The LangChain & Vector Databases in Production course is a collaborative effort between Activeloop, Towards AI and the Intel Disruptor Initiative to equip professionals with the tools to master Large Language Models (LLMs) from training to release into production.
It is free and a self-study course. And the LangChain & Vector Databases in Production certification is the first of three that together lead to the Gen AI 360 Foundational Model Certification.
The first part of the course offers a comprehensive overview of the fundamental model theory and its application to practical projects using LangChain and Deep Lake.
- Mastering the basics of LLM and vector databases – API integration, advanced prompt engineering
- Build production-level LLM applications using LangChain, such as automated sales and customer support agents, and recommender systems
- Mastering the Deep Lake Multimodal Vector Database
LangChain is an open source framework that makes it easy to apply LLM to your own data so that you can work with it in natural language like ChatGPT chat, but on your own data, not the one that ChatGPT was trained on default. LangChain allows you to do this.

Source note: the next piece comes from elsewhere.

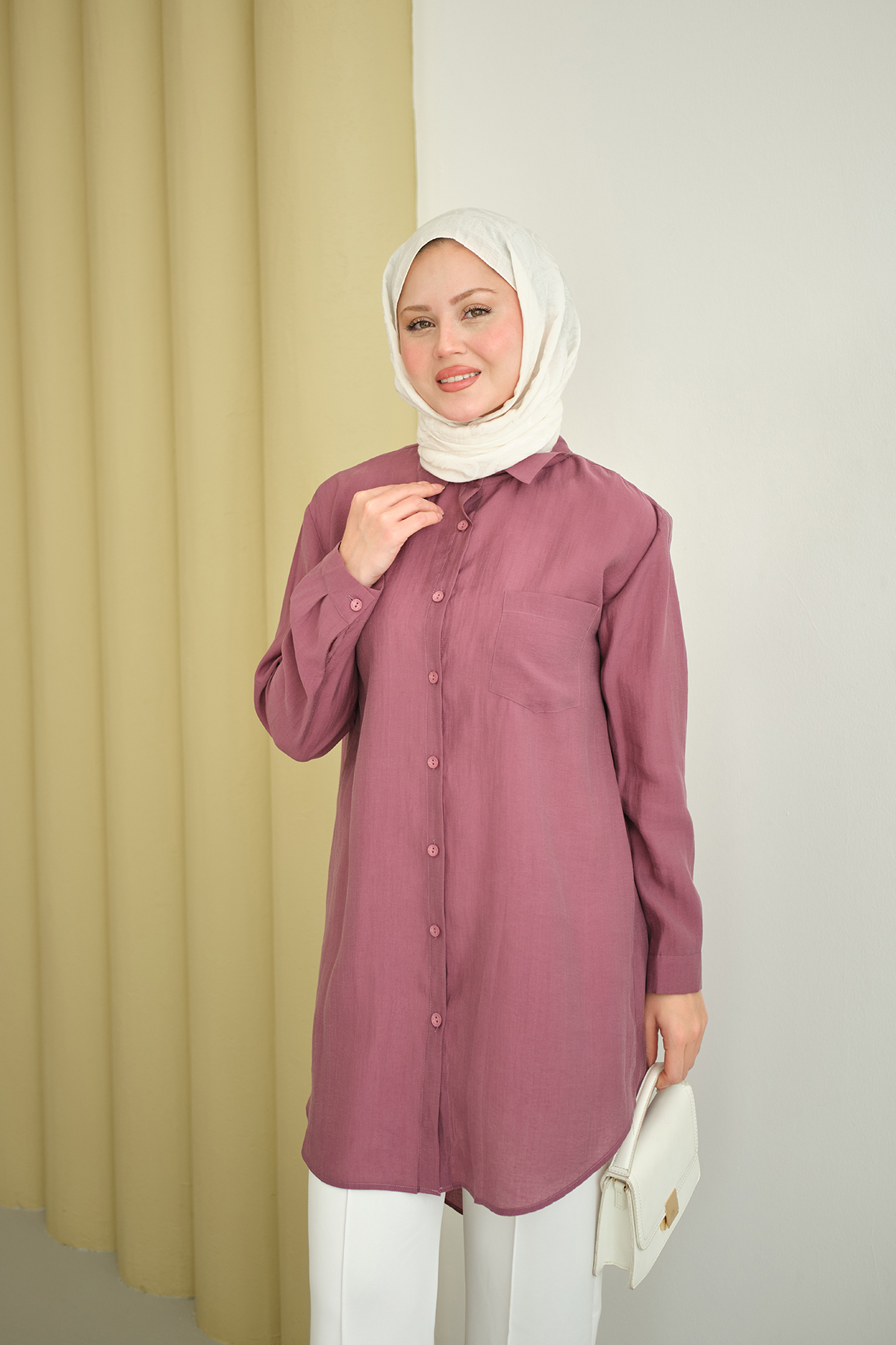 Caracteristici LOCCO Cămașă lungă de damă basic Dusty Rose

The data format that LangChain works with is called vector representations (vector embedding) – this is a data type that carries the semantic information necessary for AI to understand the context. Of course, the best storage for such data is a vector database, such as Data Lake, which is optimized for this purpose and allows you to query this data.
This course will show you how to use LangChain with the Deep Lake multimodal vector database using over 10 case studies. In total, you can expect 40 hours of study material. Please note that the course is mostly text-based and contains only 4 videos for the entire course.
The initial training requirements are low – only some familiarity with Python and programming is required to complete projects. In addition, the course is interdisciplinary, which means that professionals from various industries, and not just software developers, can take it.
The course includes hands-on projects and exercises that will require the use of various API keys. Basically it is the key of OpenAI and Deep Lake. The total cost of completing all the lessons in this course, as well as some of the experiments, will be less than $3. But you can also study this course locally without paying a dime with GPT4All.